NotAuthorizedOrNotFound

Model deployment not found or authorization failed.

No

405

MethodNotAllowed

Method not allowed.

No

411

LengthRequired

Missing content length header.

No

413

PayloadTooLarge

The payload size limit is 10 MB.

No

429

TooManyRequests

Too Many Requests.

LB bandwidth limit exceeded

Consider increasing the provisioned Load Balancer bandwidth to avoid these errors by editing the model deployment.

Tenancy request-rate limit exceeded

Maximum number of requests per second per tenancy is set to 150.

If you're consistently receiving error messages after increasing the LB bandwidth, use the OCI Console to submit a support ticket for the tenancy. Include the following details in the ticket.

  • Describe the issue with the error message that occurred, and indicate the new request per second needed for the tenancy.

  • Indicate that it's a minor loss of service.
  • Indicate Analytics & AI and Data Science.

  • Indicate that the issue is creating and managing models.

Yes, with backoff

500

InternalServerError

Internal Server Error.

  • Service Timeout.

    A 60 second timeout for the /predict endpoint exists. This timeout value can't be changed.

  • The score.py file returns an exception.

Yes, with backoff

503

ServiceUnavailable

Model server unavailable.

Yes, with backoff

Invoking with the OCI Python SDK

This example code is a reference to help you invoke your model deployment:
import requests
import oci
from oci.signer import Signer
import json
  
# model deployment endpoint. Here we assume that the notebook region is the same as the region where the model deployment occurs.
# Alternatively you can also go in the details page of your model deployment in the OCI console. 
# Under "Invoke Your Model", you will find the HTTP endpoint of your model.
endpoint = <your-model-deployment-uri>
# your payload:
input_data = <your-json-payload-str>
  
if using_rps: # using resource principal:   
    auth = oci.auth.signers.get_resource_principals_signer()
else: # using config + key:
    config = oci.config.from_file("~/.oci/config") # replace with the location of your oci config file
    auth = Signer(
        tenancy=config['tenancy'],
        user=config['user'],
        fingerprint=config['fingerprint'],
        private_key_file_location=config['key_file'],
        pass_phrase=config['pass_phrase'])
  
# post request to model endpoint:
response = requests.post(endpoint, json=input_data, auth=auth)
  
# Check the response status. Success should be an HTTP 200 status code
assert response.status_code == 200, "Request made to the model predict endpoint was unsuccessful"
  
# print the model predictions. Assuming the model returns a JSON object.
print(json.loads(response.content))

Invoking with the OCI CLI

Use a model deployment in the CLI by invoking it.
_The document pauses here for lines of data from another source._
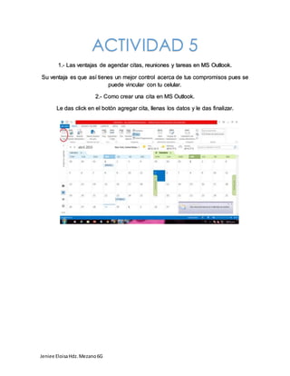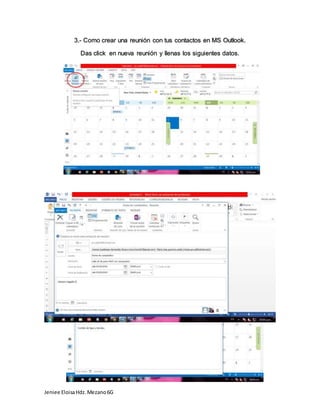 Las ventajas de agendar citas, reuniones y tareas en MS Outlook incluyen tener un mejor control de los compromisos ya que se puede vincular con el celular. Para crear una cita en MS Outlook se da click en agregar cita, se llenan los datos requeridos y se da click en finalizar. Para crear una reunión con contactos en MS Outlook se da click en nueva reunión y se llenan los datos solicitados como fecha, hora, participantes y detalles de la reunión.
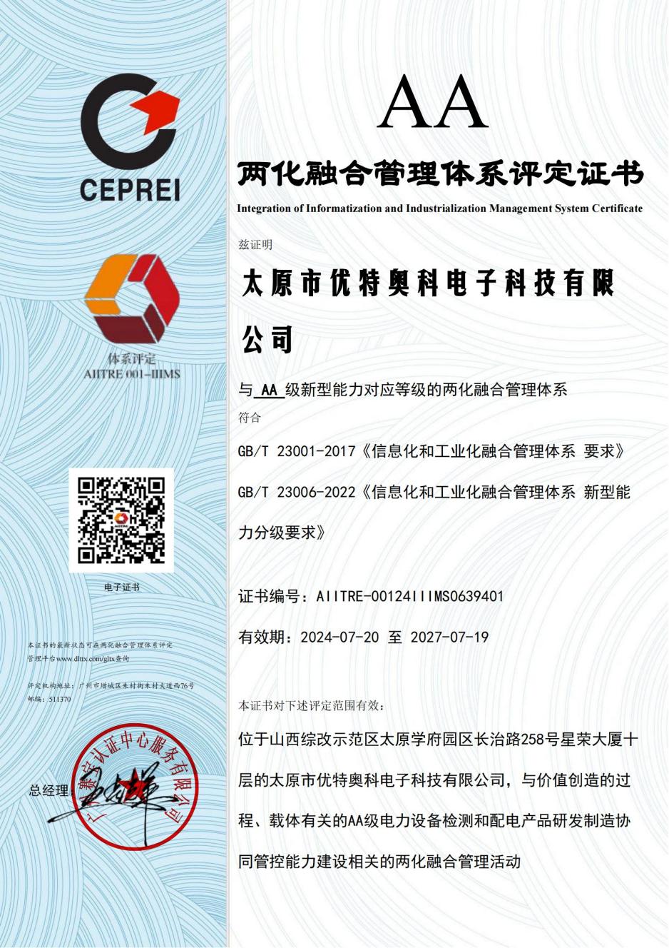 近日,我公司正式獲得兩化融合管理體系A(chǔ)A級評定證書,標(biāo)志著在信息化與工業(yè)化融合方面取得顯著進(jìn)展。此次評定嚴(yán)格按照國家標(biāo)準(zhǔn),歷經(jīng)多個環(huán)節(jié),最終順利達(dá)標(biāo)。
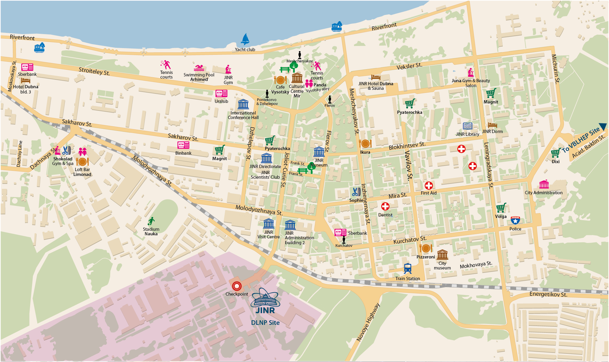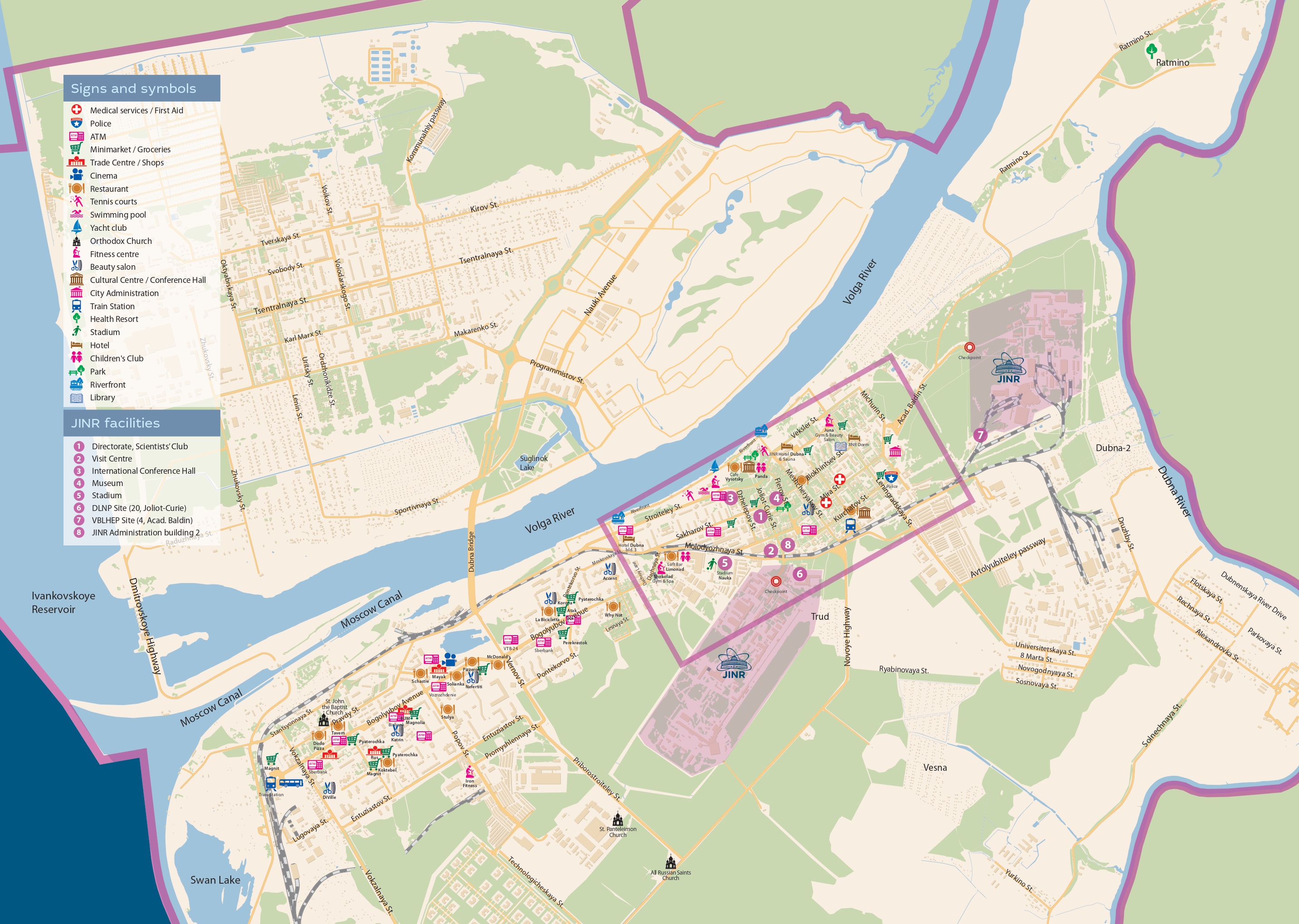 Освоиться в ОИЯИ и Дубне также может помочь общественный проект, содержащий справочную информацию для гостей ОИЯИ и Дубны: транспорт, развлечения, спорт и все, что нужно для жизни в Дубне. А также специальные предложения для сотрудников и гостей ОИЯИ.
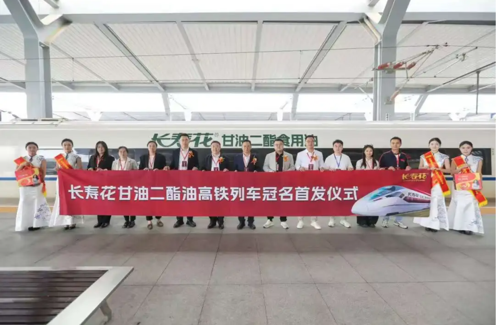 产品端,长寿花打造多元二酯油矩阵,覆盖玉米油、花生油等多油种,涵盖40%入门款至96%以上高阶款,适配不同需求与烹饪场景,快速占领细分市场。渠道上,采用“高空+地面”立体化策略:高空冠名甘油二酯油高铁列车,全方位霸屏传播;地面深入社区,通过科普讲座等形式,拉近与消费者的距离。
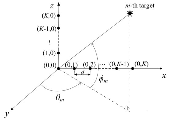 where ωc denotes the carrier frequency, μ is the rate of change of the instantaneous frequency of a chirp signal, and Tsym is the duration of chirp signals. Then, the bandwidth of the FMCW chirp signal is defined by B = μTsym/2π. Consider M far-field, non-coherent, narrowband sources impinging on the L-shaped array with 2K + 1 omnidirectional sensors as shown in Figure 1. The array on the x- and z-axes consists of two uniform linear sub-arrays with element spacing d, each being composed of K + 1 elements.
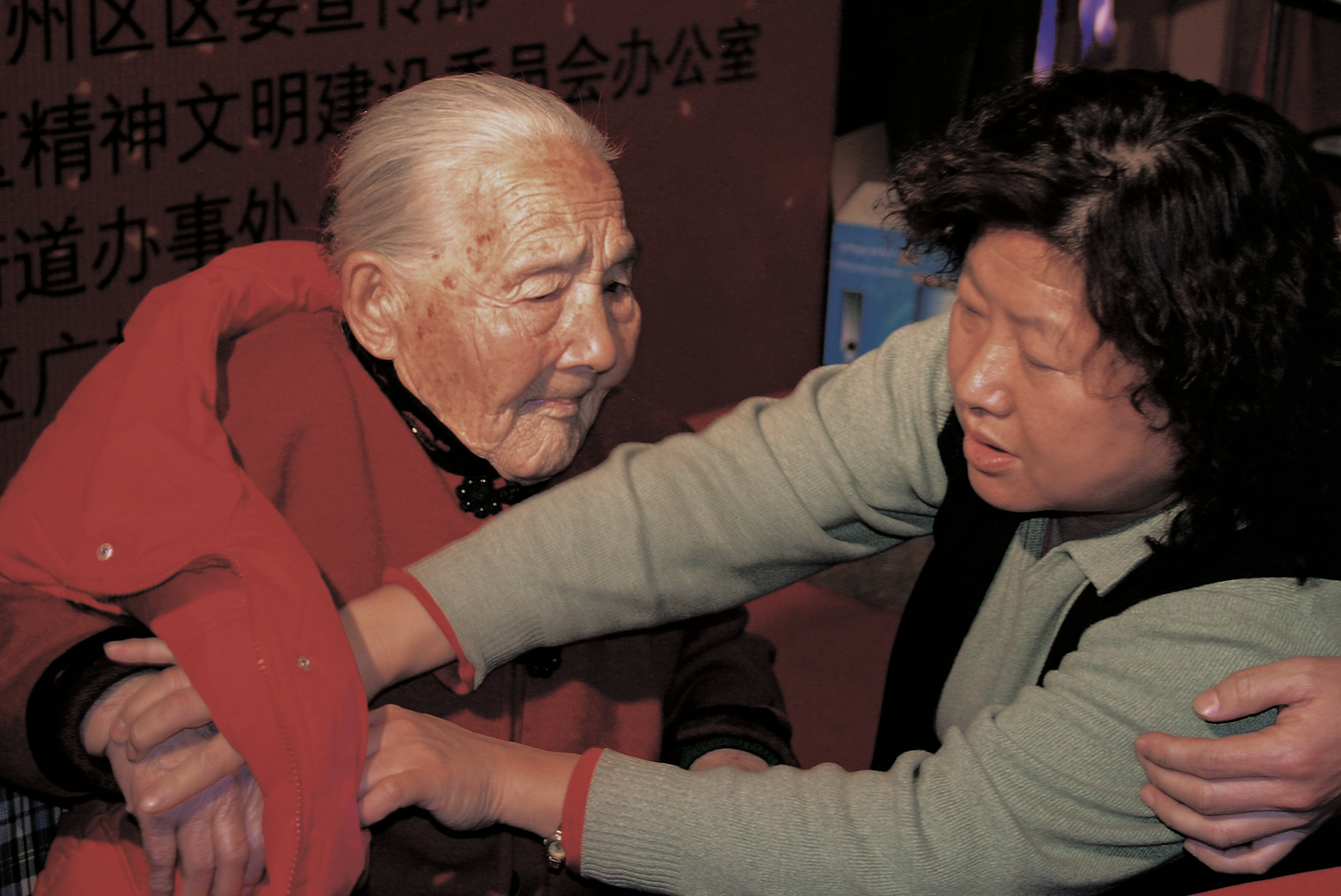 19岁那年,她走进了金奶奶的生活。开始隔三差五地来到奶奶家扫地洗衣服。1979年冬天,金奶奶高血压、心脏病复发,张品正带着奶奶去住院。医生摇头不收,安慰说:“能吃点啥就吃点啥吧!”张品正怕老人出事,索性搬到奶奶家,做饭洗碗削苹果,洗手洗脚擦身子,看病买药煎药。也许是真情感动了上仓,老人的病奇迹般地好了。金奶奶说:“造化呀,丫头跟我这孤老婆子睡一块,连亲闺女也做不到呀!”打那儿以后,张品正长期与金奶奶住在一起。修脚把脉测血压,按摩捶背揉穴位,张品正成了金奶奶的全科大夫。金奶奶开始精神起来,从头到脚像换了一个人似的。
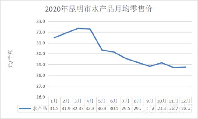 水产品市场需求减弱,价格较2019年下跌。2020年,全市水产品平均零售价格为30.22元/千克,环比下跌4.3%。其中,鲫鱼平均零售价格为23.48元/千克,环比上涨14.4%;草鱼平均零售价格为19.68元/千克,环比上涨8.7%;鲤鱼平均零售价格为19.57元/千克,环比下跌0.8%;大黄鱼平均零售价格为51.81元/千克,环比下跌4.3%;鲢鱼平均零售价格为20.1元/千克,环比下跌7.6%;大带鱼平均零售价格为45.93元/千克,环比下跌16.8%。
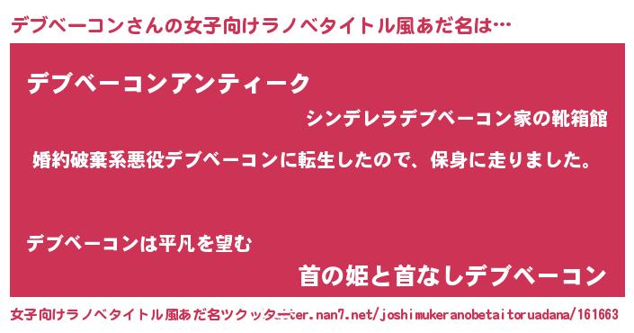 | 男性向けラノベタイトル風あだ名 | 『デブベーコンスレイヤー』 |
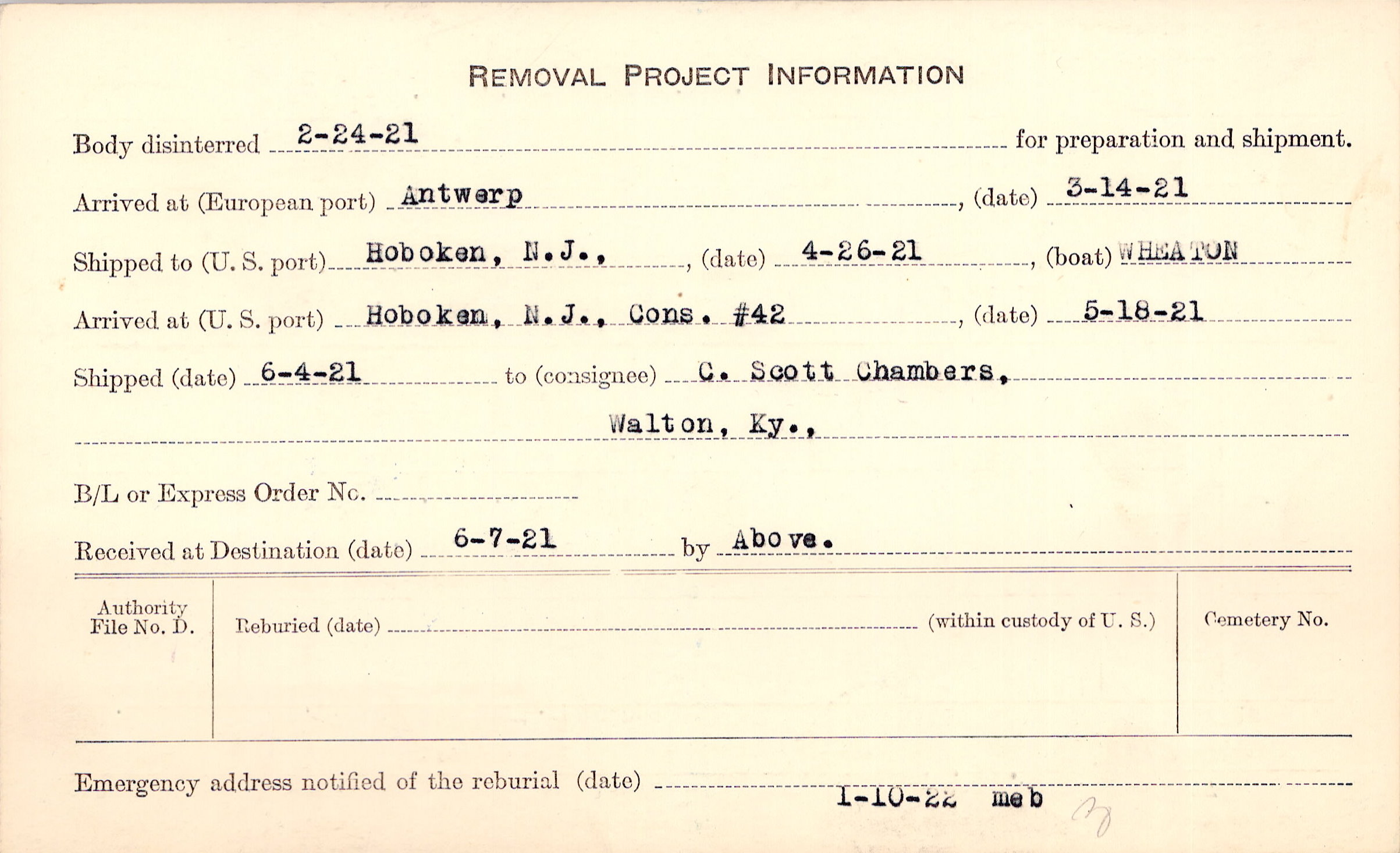 Body disinterred 2/24/1921 for preparation and shipment.
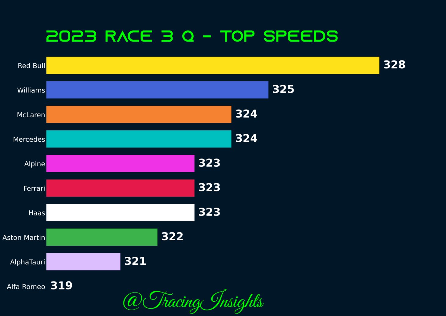 Πίσω από τον Μονεγάσκο, στην 8η θέση, κατάφερε να τοποθετήσει τη Williams ο Alex Albon, ο οποίος καθ’ όλη τη διάρκεια της διαδικασίας σημείωνε τον ταχύτερο χρόνο στο μεσαίο sector, εκμεταλλευόμενος την υψηλή τελική ταχύτητα του μονοθεσίου στη μεγάλη ευθεία της πίστας. Η βρετανική ομάδα έχει επιλέξει ένα στήσιμο με χαμηλό αεροδυναμικό φορτίο, και επειδή υπάρχουν λίγες πολύ αργές στροφές, λειτουργεί πολύ καλά για την ίδια. Ο Pierre Gasly, με την πρώτη Alpine, θα παραταχθεί στην 9η θέση, εμπρός από τον πολύ καλό στις κατατακτήριες δοκιμές φέτος Nico Hulkenberg με τη Haas.
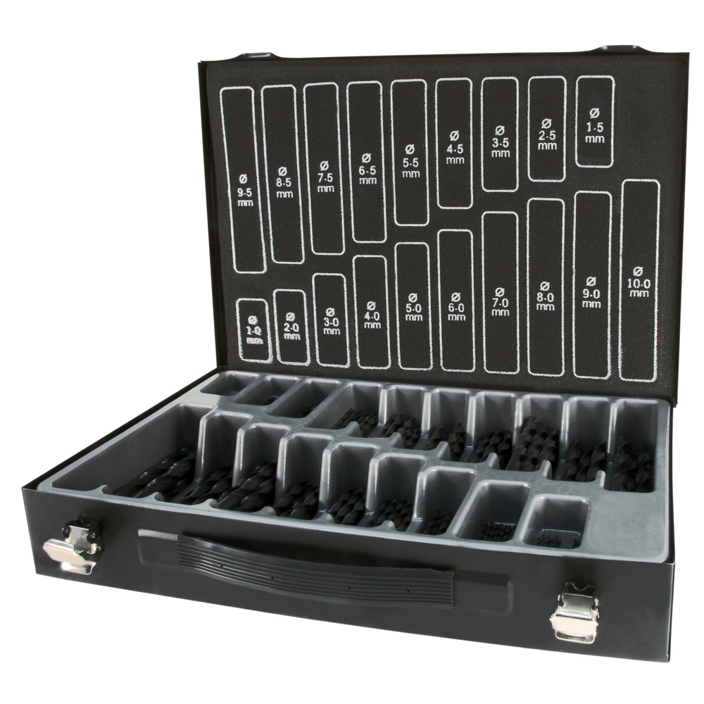 Forets hélicoïdaux HSS 4241 laminés dans une cassette métallique pratique. Contenu : 10 pièces de 1/1,5/2/2,5/3/3,5/4/4,5/5/5,5/6/6,5/7/7,5 et 8 mm. 5 pièces chacune 8,5 / 9 / 9,5 et 10 mm.
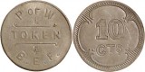 FISON INDUSTRIES, halfpenny in off-white plastic (25mm), obverse and reverse identical, denomination in centre, above, 'F.I.', below, 'Canteen'; another for penny (rectangular 22x34mm); Munition Makers, ...

The CLI is included in the OCI Cloud Shell environment, and is preauthenticated. This example invokes a model deployment with the CLI:

oci raw-request --http-method POST --target-uri
<model-deployment-url>/predict --request-body '{"data": "data"}' 
You can also use the model deployment operation in the CLI for invocation:
# Enable a realm-specific endpoint: https://docs.oracle.com/iaas/tools/oci-cli/3.56.0/oci_cli_docs/oci.html#cmdoption-realm-specific-endpoint
export OCI_REALM_SPECIFIC_SERVICE_ENDPOINT_TEMPLATE_ENABLED=true
 
oci model-deployment inference-result predict
 --model-deployment-id <model-deployment-url> --request-body {"data": "data"}